The evaluation found that the Tweet2Quite group doubled the rate of sustained abstinence from smoking.

The model

Cornelia Pechmann, Kevin Delucchi, Cynthia M Lakon and  Judith J Prochaska developed a novel intervention for smoking cessation called Tweet2Quit which sends twice-daily automated communications to encourage frequent and concurrent check-in, and forms small intimate groups that start immediately and are closed to new members, and are deliberately of limited duration.

Tweet2Quit builds on promising past work in buddy interventions, in which smokers were assigned real world quit buddies. The difference with Tweet2Quit smokers is that they meet numerous potential quit buddies in a virtual online forum. Unique to the intervention condition was enrolment in a Tweet2Quit 20-person, 100-day, virtual peer support group.

The groups were closed in that each member followed and was followed exclusively by other members, and no new members were added. The groups were private, because only the group members and the study staff could see the tweets. Twenty smokers were included per group, because, based on marketing research, the average social network has about 17–20 active participants.

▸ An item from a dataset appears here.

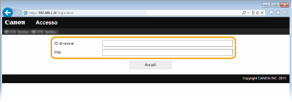 Immettere l'ID corretto in [ID divisione] e il PIN in [PIN].

Tweet2Quit also builds on promising research on health interventions that employ autocommunications, that is, text or email messages from health experts that are sent automatically to participants to encourage healthy behaviours.

So, Tweet2Quit is, in effect, a hybrid intervention that involves both: social network-based, peer-to-peer participant exchanges and daily auto-communications sent by the study website posing treatment-relevant questions from experts for participants to discuss.

Study sample and recruitment

A national sample of US smokers was recruited using the Google search engine and a US$10,000/month advertisement budget on Google AdWords. If smokers were interested in participating, they completed a brief online interest form requesting their email. Then about one month before a projected cohort start date, they were emailed a link to a screening survey to assess their eligibility and obtain
informed consent.

Inclusion criteria were: resident of the continental USA, English speaking, aged 18–59 years, smoked 100+ cigarettes in lifetime, currently smoking ≥5 cigarettes daily, intention to quit smoking in the next month, active email account, mobile phone with internet access and unlimited texting, weekly texting, and daily Facebook use. The age range was 18–59 years to be as inclusive as possible, while excluding two age groups that were likely to have different lifestyles and cessation motivations: minors for whom cigarette use is illegal and retired older adults.


There were a total of 160 smokers in the trial. Analysis of complete cases indicated sustained abstinence out to 60 days post-quit date of 40.00% (26/65) in the Tweet2Quit condition versus 20.00% (14/70) in the control condition. In an analysis with incomplete cases, imputing participants lost to follow-up as smoking, sustained abstinence was 32.50% (26/80) for Tweet2Quit versus 17.50% (14/80) for control.

In both analyses, there was a consistent effect for Tweet2Quit versus control across cohorts.

The researchers also analysed the tweeting behaviour of those in the Tweet2Quit groups and found that three quarters tweeted at least once, sending an average of 59 tweets each.


The authors acknowledge that this was quite a small scale study and that the follow-up period was short (60 days post stopping smoking). Nonetheless, the findings are encouraging.

Tweet2Quit, doubled the odds of self-reported sustained smoking abstinence to 60 days follow-up, when added to the usual care of nicotine patches and a quit-smoking website. Moreover, engagement in Tweet2Quit was high with most participants tweeting for an extended duration; and engagement related to abstinence.

Because smokers were randomly assigned to Tweet2Quit versus control, the evidence suggests a causal effect for Tweet2Quit on abstinence.

Tweet2Quit did not affect nicotine patch use or use of the quit-smoking website, so the effective component seems to be tweeting and social network support from the groups.